# Strapping on ceiling, no header to screw into for walls



## Bud Cline (Mar 12, 2006)

What is "strapping" and where's the header? Yet another great close up photo but useless. How about a landscape photo?


----------



## Bud Cline (Mar 12, 2006)

Okay wait I see.

Strapping is "hat channel" and header is "top plate".

So install some blocking between the studs to catch the drywall nails at the top, what's the big problem?


----------



## toobhed (Aug 3, 2011)

Whats hard about that, hehehe, lotta extra work. :/

I am so close to drywall , i just want to get it done. If you were doing it on your own home, is this a must do step?


----------



## Ironlight (Apr 13, 2011)

Anything that cuts down flexing and movement at joints is a good thing. It's going to be easier to put the blocks up now than it is to retape and sand every few years when cracks keep developing.


----------



## Bud Cline (Mar 12, 2006)

Then don't do it! Doesn't matter to me. You came here for advice, we didn't come looking for you.

If the drywall isn't backed up cracks could develop, but maybe not.


----------



## toobhed (Aug 3, 2011)

Bud Cline said:


> Then don't do it! Doesn't matter to me. You came here for advice, we didn't come looking for you.


Alright alright...just trying to gauge how important it is. Sometimes you get holmes on homes answers here when a guy might cut a corner doing his own house if it was not a big deal. I will just buck up and git er done.

Thanks for the advice!


----------



## mikey48 (Dec 6, 2007)

So what is hat channel?


----------



## Ironlight (Apr 13, 2011)

mikey48 said:


> So what is hat channel?












It has several uses, chief among them the hanging of ceiling tiles. I used it however to level out the ceiling in my kitchen/dining room when I pulled down the plaster and lathe ceiling.


----------



## Bud Cline (Mar 12, 2006)

> So what is hat channel?


Every place I've ever been it has been called "Hat Chanel"...note the shape of the profile.



> Sometimes you get holmes on homes answers here when a guy might cut a corner doing his own house if it was not a big deal.


Mike Holmes and all of those ruffians he rode-in with are idiots when it comes to common sense approaches to remodeling!


----------



## titanoman (Nov 27, 2011)

No different than no nailer between the studs on the top edge of horizontally-run lower sheet. Code may say different.


----------



## Bud Cline (Mar 12, 2006)

> No different than no nailer between the studs on the top edge of horizontally-run lower sheet.

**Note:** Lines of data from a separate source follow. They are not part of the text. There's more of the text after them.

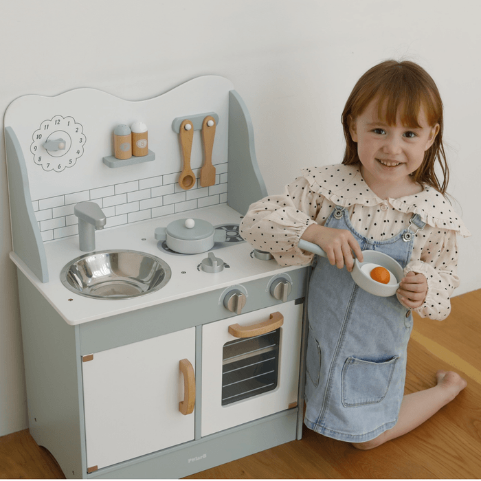 くすみグリーンカラーがおしゃれ♪ まるで本物のようなおもちゃのキッチン。
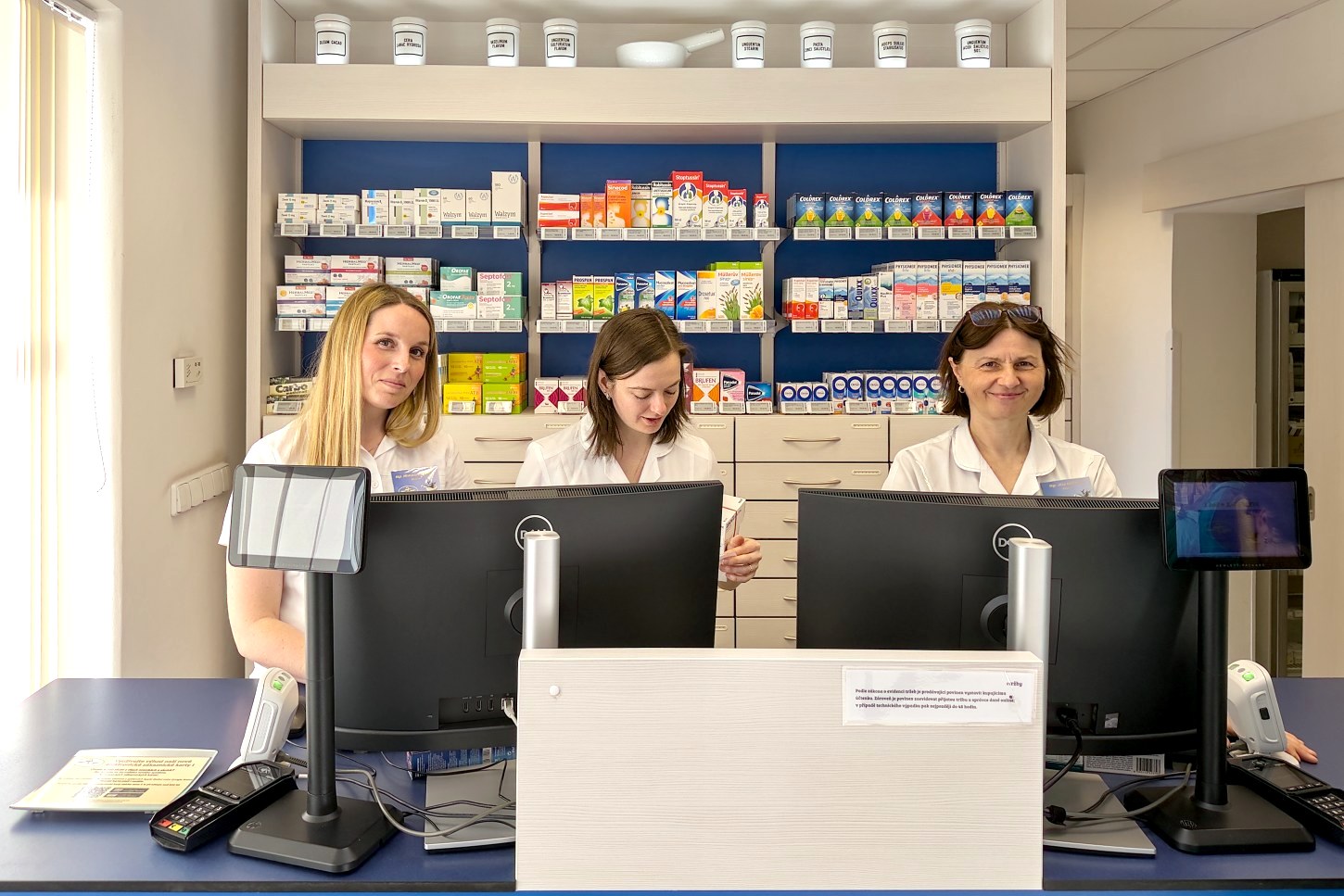V lékárně se vždy setkáte s odborně vzdělaným personálem – u výdeje na recept s vysokoškolsky vzdělaným farmaceutem, u volného prodeje s farmaceutickým laborantem.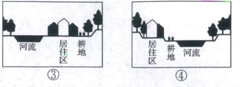 3.C 由图可知,屿北村位于河流一侧,①图中河流两侧都有居住区,不符合题意;屿北村坐落在山麓河谷地带,居民区应靠近河流分布,方便生活用水,而耕地则位于居民区和林地(山地)之间的地势较平坦的区域,③正确,②④错误。故选C。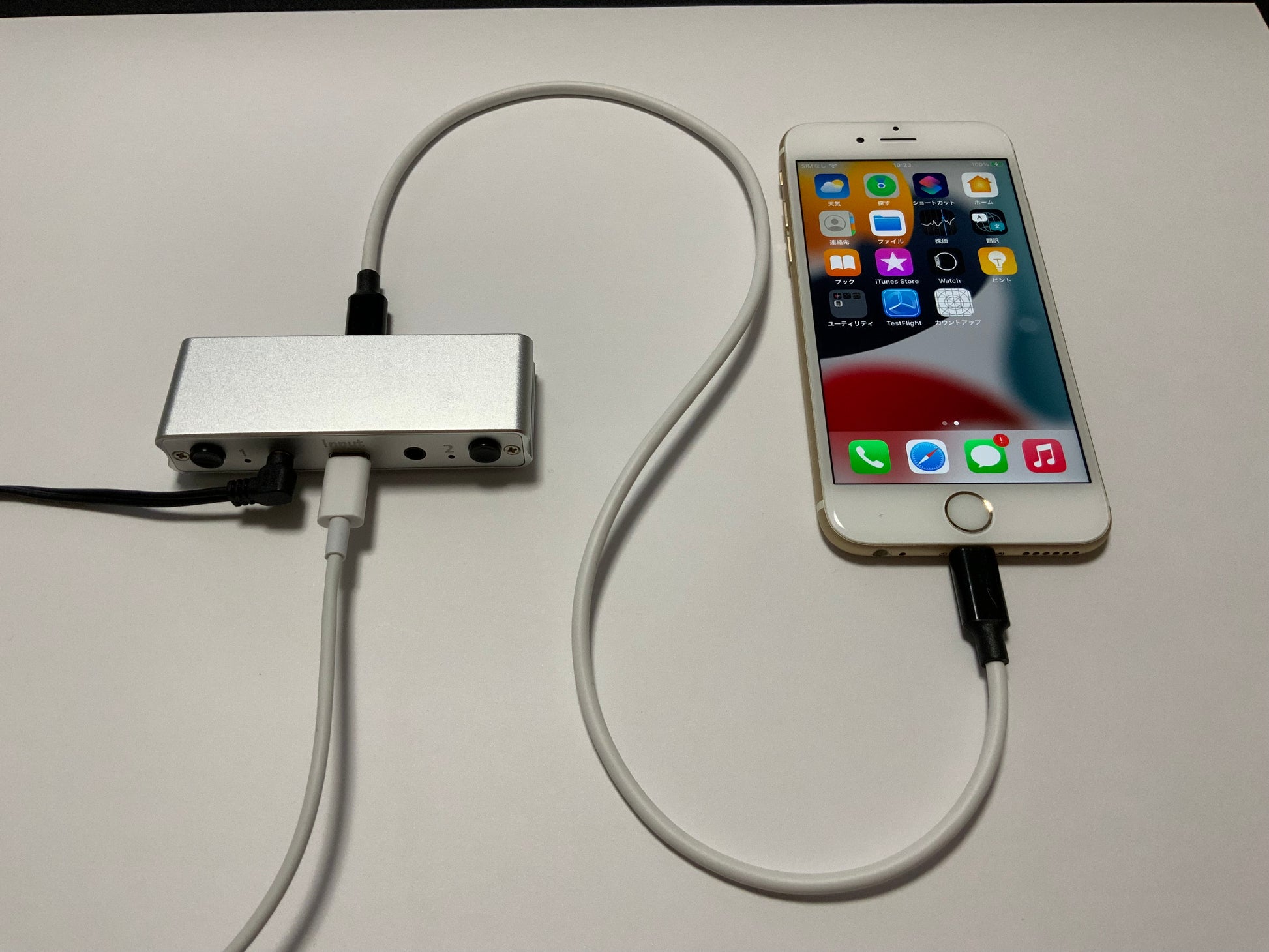 有線接続なのでトラブルも少なく、iOS機器と外部入力スイッチの接続を、本製品とケーブル1本だけで完結できます。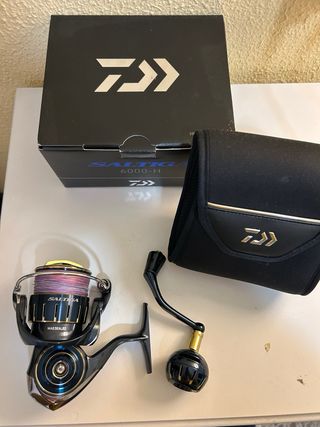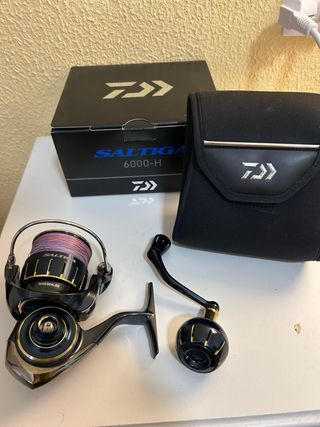 Carrete de pesca Daiwa Saltiga 6000H, ideal para pesca deportiva. - Modelo: Saltiga 6000H - Marca: Daiwa - Incluye funda protectora - Caja original
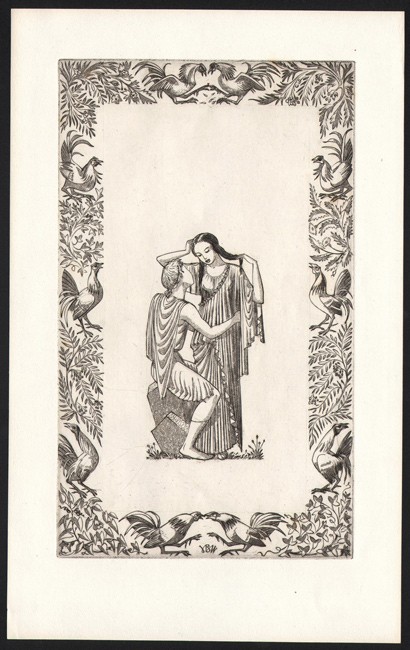 80 pages, 8 aquatint illustrations including the frontispiece, title page vignette (title printed in red and green) within a decorative border and 6 aquatint plates – all with loose tissue guards, full light blue and pink morocco with a gilt design of fighting cocks on the upper cover and gilt titling on the spine – bound by Sangorski & Sutcliffe, top edge gilt, other edges uncut, a second suite of the illustrations in a pocket in the back cover, contained in a green cloth slip case which is a little faded around the lip, a very good copy.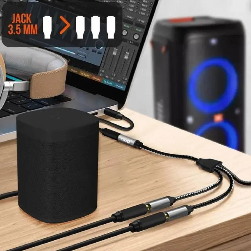Cavo adattatore e splitter da jack 3,5 mm femmina a triplo jack 3,5 mm femmina, pensato per i computer. Crea una configurazione adatta a tutte le videoconferenze. Compatibile con il mixer. Plug and play, utilizzo immediato.

This is true if it weren't for the fact that this is at a "plane-change". On a flat wall all of the same plane blocking wouldn't be required but I think this is a different story.


----------



## titanoman (Nov 27, 2011)

Bud Cline said:


> This is true if it weren't for the fact that this is at a "plane-change". On a flat wall all of the same plane blocking wouldn't be required but I think this is a different story.


Oh. I thought a wall just meets a ceiling w/no t/p or header to screw to. I didnt fully understand. I can't tell what I'm looking at in the picture.


----------



## Gary in WA (Mar 11, 2009)

4.6.4.1 Treated or untreated gypsum panel product joints oriented at right angles to wall or ceiling framing members *need not be located *over framing or other solid backing.

4.6.4.2 Gypsum panel product edges or ends, oriented at right angles to wall framing, that occur above ceilings when the gypsum panel product is terminated at less than the full height of the framing *need not* be located over framing or other solid backing. Page; 10, here: http://gypsum.org/pdf/GA-216-2010.html

The board has plenty of flexural strength, more/less depending on the orientation: http://docs.google.com/viewer?a=v&q..._w2ARf&sig=AHIEtbT3-jS_UFfs-iaiU1o3kfoOlKl-7Q

Long as you are not playing baseball there……

Be sure to air seal the new drywall, required by code now if part of your thermal/air barrier.
If worried about cracks/movement, use paper tape rather than mesh.


Gary


----------



## swarren (Jan 3, 2012)

Can someone explain to me why you would use hat channel? For flat surface for ceiling or sound isolation?


----------



## mae-ling (Dec 9, 2011)

Hat channel can be used as a furring strip (More costly then 1 by 3 though) usually used for sound isolation.


----------